Dr. Denisa Constantinescu , Dr. Miguel Peón-Quirós

Mr. Rubén Rodríguez-Álvarez, Ms. Stasa Kostic, Mr. Karan Pathak



# Introduction to the concept of SoC

- SoC = System-on-Chip

- A computing system that includes all its components in a single integrated circuit:

- Processors
- Memory controllers
- I/O peripherals: UARTs, GPIOs, SPI, I<sup>2</sup>C, ...
- Some form of internal memory, e.g., SRAM or eDRAM
- Accelerators for specific functions

- SoC design is normally modular
  - Based on intellectual property (IP) blocks



# Example of SoC: ESL's HEEPocrates

- Tiny RISC-V CPU: Core-V<sup>1</sup>
- Memory: 256 KiB of SRAM (8 banks)
- Max frequency: up to 470 MHz
- Power: ~100  $\mu$ W/MHz (at 1.2 V)
- Accelerators
  - Coarse-grained reconfigurable array (CGRA)
  - In-memory (bit-line) computing



<https://www.epfl.ch/labs/esl/research/2d-3d-system-on-chip/x-heep/>

<sup>1</sup> OpenHW group github: <https://github.com/openhwgroup>

# Access to peripherals in a SoC

- In a HW-only (e.g., VHDL) design, modules interface via direct ports:



- However, SoCs are typically processor-based...  
... and normally processors cannot directly access peripheral ports!
  - How do we communicate processors with the rest of the system?



- Processor-based systems use buses



- A bus is a set of wires that allows system components to communicate with each other
  - E.g., a bus allows a processor to read/write from/to a memory
- In general, a bus connects two types of devices:
  - **Masters** initiate transactions.
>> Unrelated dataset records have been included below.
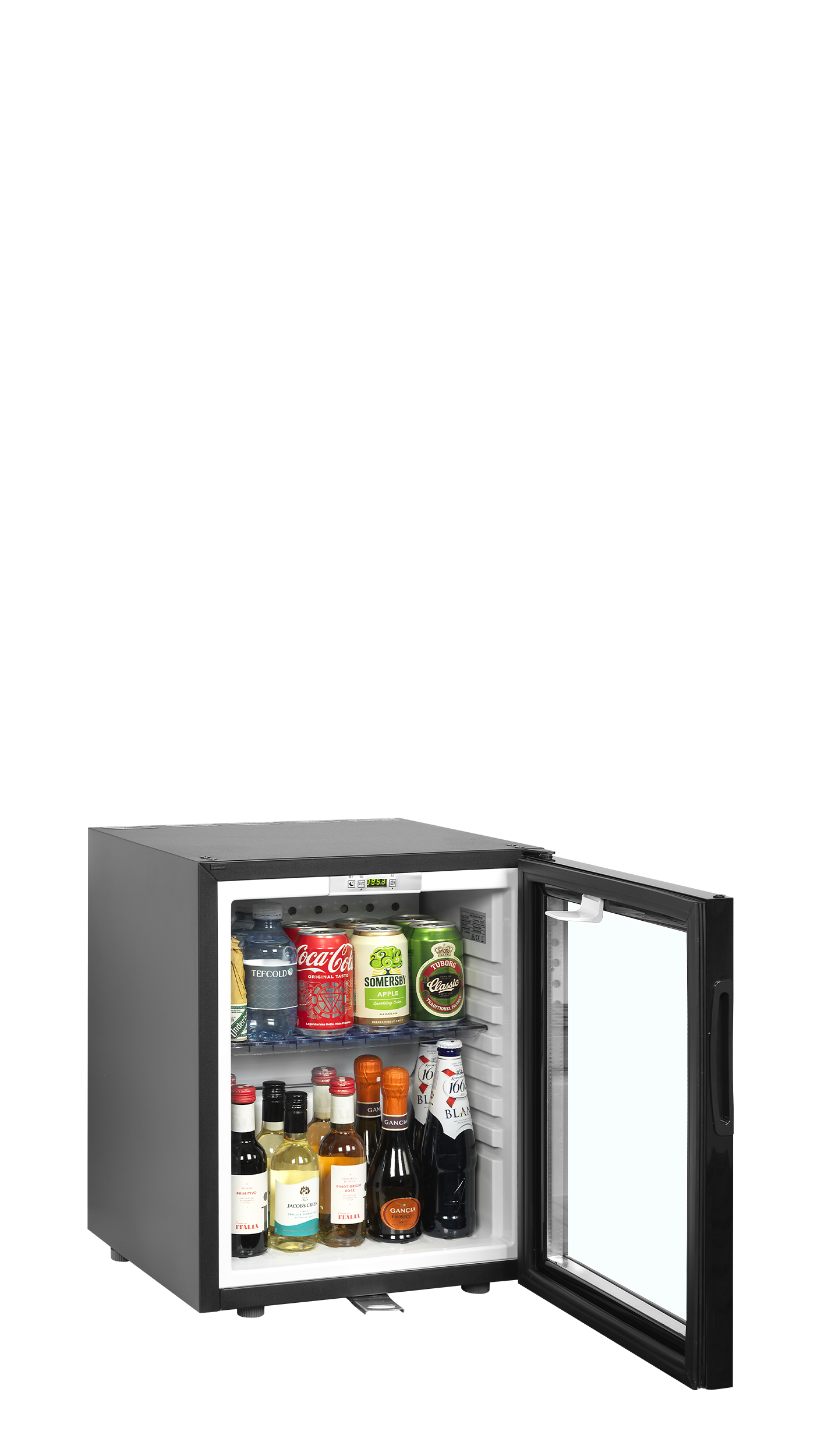 The innovative TM-GC range from TEFCOLD, designed as a modern alternative to traditional absorption minibars. Featuring a compressor refrigeration system, these minibars offer faster cooling and reduced consumption. With quiet operation at 38dB, smart programming for unoccupied periods, and convenient one-press functions, they are ideal for hotel rooms and boardrooms. Coupled with an elegant glass door, the design ensures excellent product presentation, enticing guests with a visually appealing display of cold beverages and snacks.
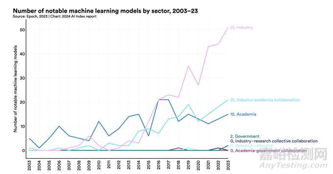 2023年,產(chǎn)業(yè)界發(fā)布了51個(gè)值得關(guān)注的機(jī)器學(xué)習(xí)模型,而學(xué)術(shù)界僅貢獻(xiàn)了15個(gè)。缺乏算力的學(xué)術(shù)界在當(dāng)下人工智能的發(fā)展上仍然處于劣勢(shì),推動(dòng)了相關(guān)人才從學(xué)術(shù)屆向產(chǎn)業(yè)界轉(zhuǎn)移。2019年,美國(guó)和加拿大新增加的人工智能領(lǐng)域教師有13%來(lái)自產(chǎn)業(yè)界。到2021年,這一數(shù)字已下降至11%,2022年進(jìn)一步下降至7%。
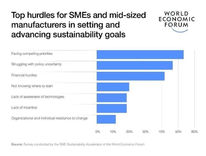 A 23 June 2025 World Economic Forum white paper, Sustainability Meets Growth: A Roadmap for SMEs and Mid-Sized Manufacturers, makes a useful point: small and mid-sized manufacturers can be powerful multipliers of climate action, particularly in decarbonizing value chains because they sit inside global supply networks. The report also indicates that fast-tracking sustainability transitions by SMEs can materially improve progress toward Paris Agreement goals while unlocking economic growth.
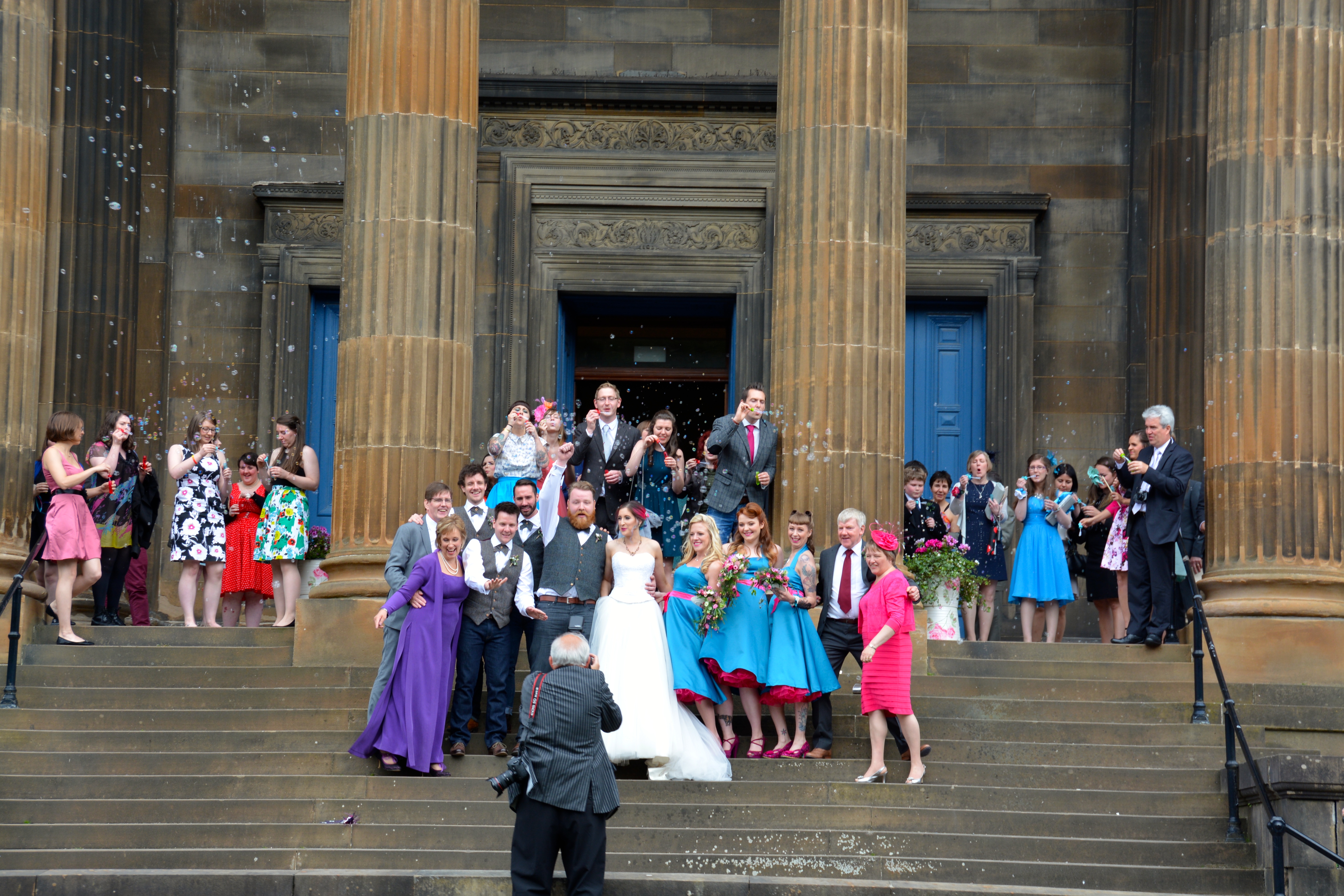 Rocky and I felt like we were invited to the wedding. As seen from our double-decker Hop-on/Hop-off Bus in Glasgow, Scotland.
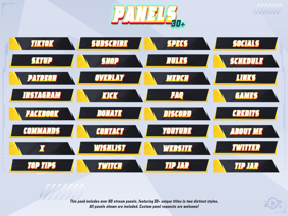 • 30x Panels (2 versions each): About me, Donate, Tip, Top Tips, Socials, Specs, Merch, Rules, etc (see gallery for full list);
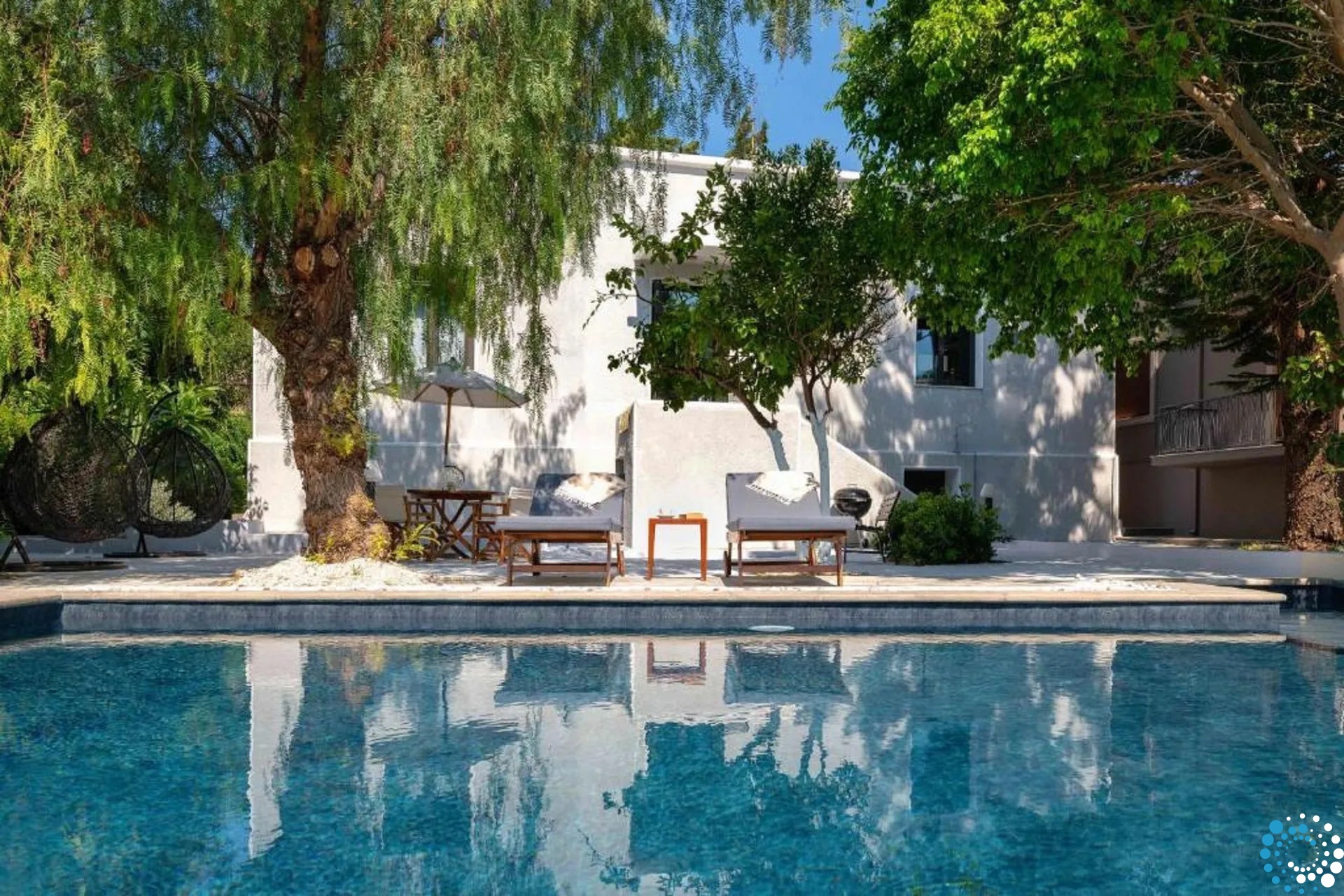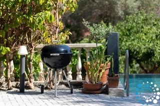 Step outside to your own private swimming pool, complete with sunbeds for lazy days under the Mediterranean sun. The inviting BBQ area, furnished with outdoor seating and a charcoal grill, creates the perfect atmosphere for memorable alfresco dining with family and friends.
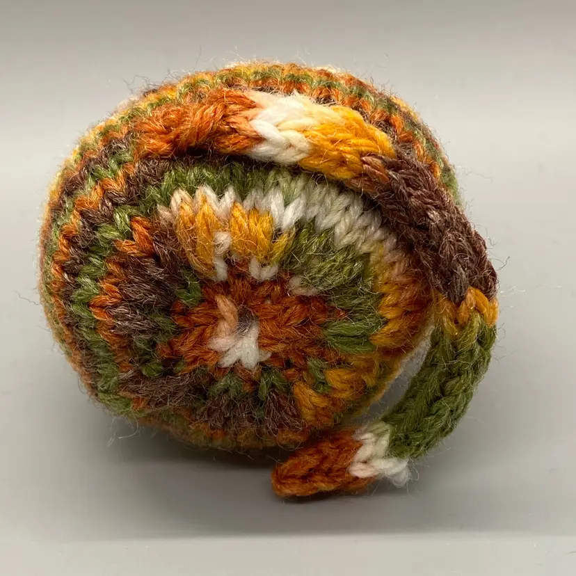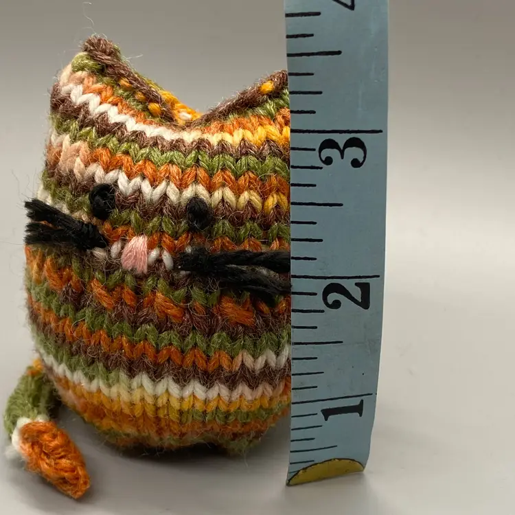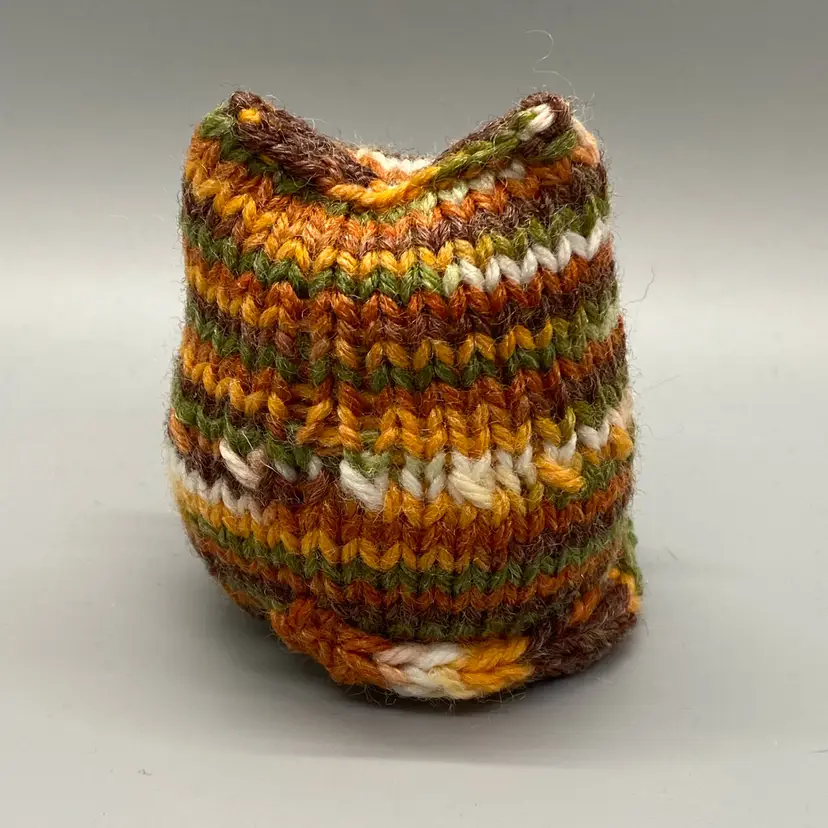 hand knit acrylic yarn browns, green, cream, gold fall colors embroidered face approx. 3.25" tall sits easily on shelf or table add to your fall decor
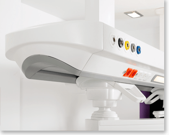 Au cours du développement d’Abitus, les concepteurs ont accordé une attention particulière à la combinaison de formes et de matériaux pour parvenir à une intégration esthétique remarquable des différentes parties qui forment cette unité suspendue au plafond. Dans les tuyaux de suspension, les gaz médicaux et les câbles électriques sont logés dans des compartiments isolés séparés qui sont divisés verticalement par une division interne. L’équipement est réparti entre l’unité horizontale, les chariots et les colonnes. L’unité horizontale et les colonnes conviennent pour abriter les mécanismes électriques et les gaz médicaux tandis que les chariots conventionnels sont équipés d’étagères, de tiroirs, de rails techniques, de supports de perfusion, etc. Il est important de mentionner que les prises de gaz sont fixées en position verticale pour une meilleure compatibilité avec les accessoires . Pour l’éclairage direct, nous proposons un module d’éclairage standard 1x24W T5 avec interrupteur intégré. Il est peint en couleur grise faisant un joli contraste avec la couleur standard blanche de l’unité horizontale. Si vous le souhaitez, un ballast dimmable peut être équipé afin d’ajuster le niveau d’éclairage. La lumière indirecte a été réalisée avec un module d’éclairage TC-L 2x55W assurant une lumière sans éblouissement pour les patients et le personnel hospitalier dans un environnement confortable. Dans le même temps, ce module d’éclairage permet de placer symétriquement les tuyaux de suspension lorsqu’il y a plus d’une unité connectée en ligne droite.
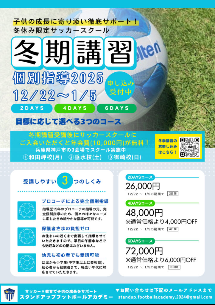 ▼冬休みの期間を利用して完全個別指導の元、様々なニーズやご要望に応じて指導をさせていただきます。(サッカーだけでなく、走るのが早くなりたいなどもOK)
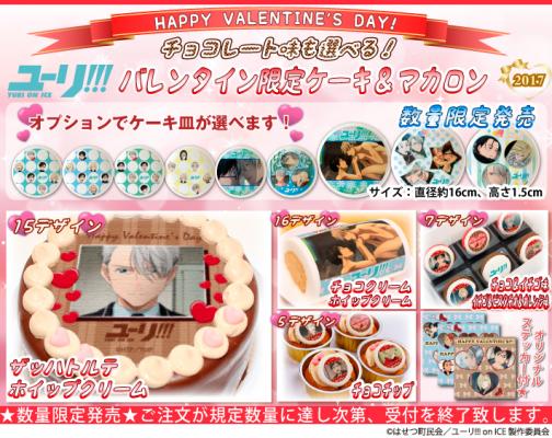 「プリロール」を運営する株式会社栄通(本社:東京都八王子市)は、人気アニメ『ユーリ!!! on ICE』のバレンタイン限定デザインのプリントケーキ&マカロンを2017年1月10日(火)より予約受付開始いたしました。
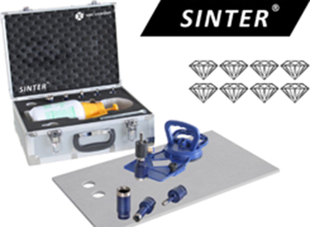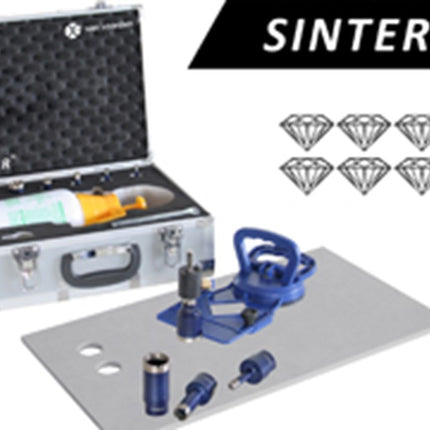 Sinter tegelboorset voor keramische tegels en natuursteen. Aansluiting M12. Bestaande uit 6 boren, diameters 6, 8, 10, 15, 26 en 36 mm met waterspoelkop, watertank en verstelbare centreerhulp in aluminium koffer. Lees meer
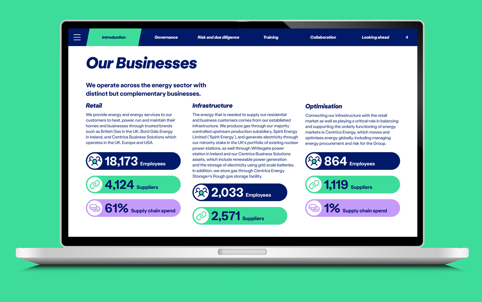 Following the successful publication of their Climate Transition Plan, we’ve been busy working on three additional reports for Centrica. With subjects covering Health & Wellbeing, Gender & Ethnicity and Modern Slavery, they represent the company’s commitment to a greener, fairer future for all.
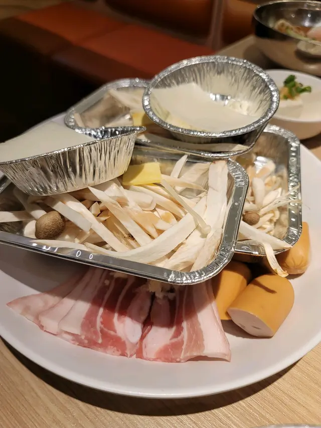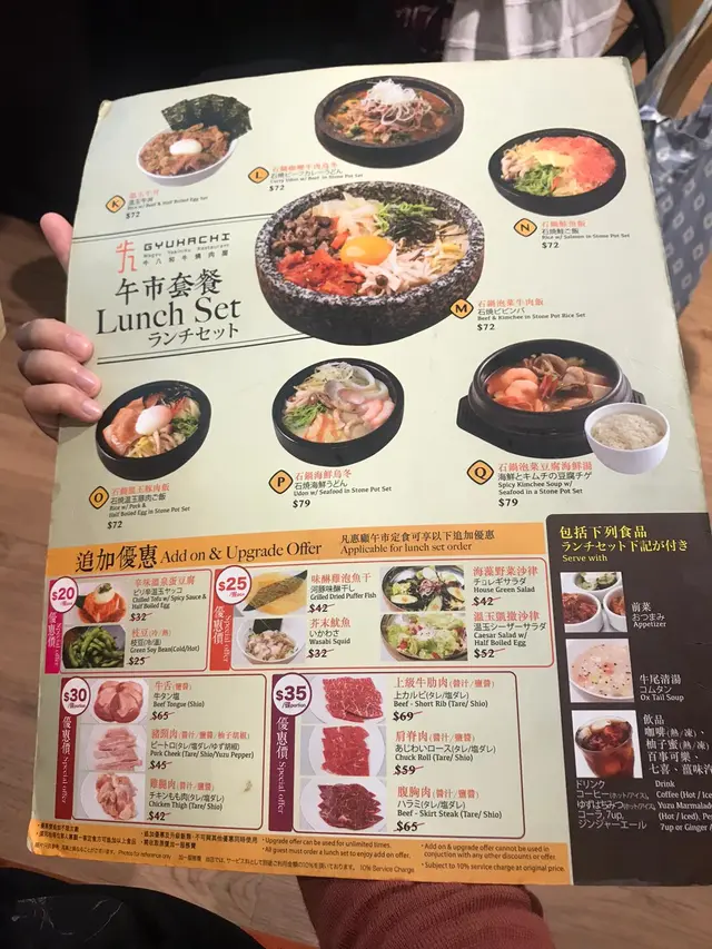同一班朋友一齊來左第一城食呢間店的午餐,已經唔係第一次食,亦係為左燒肉而來。其實可以剩叫燒肉套餐,但覺得要午市套餐加$35有燒肉去燒係最抵食的,建議大家都咁做。每個餐都會包泡菜小食,呢個其實幾好食,作為餐前小食係幾開胃的。然後每人都會有湯,個湯好細碗,份量大約係個碗1/4左右,不過唔緊要。個湯味道有啲得意,完全形容唔到係咩味。好飲咩?講唔上,唔好飲詳,又唔算,最奇怪的是我地成班朋友無一個人能夠講得出佢係啲咩湯。個餐包一杯飲品,我叫左薑味汽水,但係飲唔到有薑味,亦唔係好見到有汽,係一杯唔難飲的甜味的飲品。呢個係海鮮湯烏冬,清清地,個烏冬是扁烏冬,幾好食,海鮮就有蝦、帶子等等,略嫌海鮮味較為淡。辣豆腐海鮮飯: 呢個係辣辣地,因為我鍾意泡菜,所以亦都覺得佢幾好味,個煲辣辣咁來到,豆腐幾滑,幾鍾意食裡面個蛋。石頭窩飯:呢個好好食,飯夠哂乾身,所有食材混左一起也好夾,份量都好大份,一個女仔食,係一定會覺得好飽。我地係特登來食燒肉的,呢個叫「上級牛肋肉」,我地今次只叫左呢種肉,其他肉上次食過,無呢個好食,有肉味,而且薄薄地,好易燒,亦都有咬口得來,肉不會太淋或太鞋口。   建議大家可以食呢過,不過就算唔選呢個,都建議大家唔好選牛舌,上次食過,呢個有啲un,麻麻地。好開心可以同好多朋友食呢餐飯,大家一齊燒下肉,傾下計,relax一下。查看更多

Example: A processor initiates reads/writes towards a memory
  - **Slaves** respond to transactions. Example: A memory returns the contents of a position or stores a new value
- Generalizing the concept, a bus may connect multiple slaves and multiple masters
  - For example, an accelerator can be a master
  - In principle, all masters can initiate transactions towards any of the slaves

# Example of communication in a bus-based system



Which are the masters and which the slaves in this system?

How does an application running on the processor change the LEDs to reflect the status of the switches?



The GPIO module offers the processor access to the LEDs and buttons via a bus

How does the processor contact the peripherals over the bus?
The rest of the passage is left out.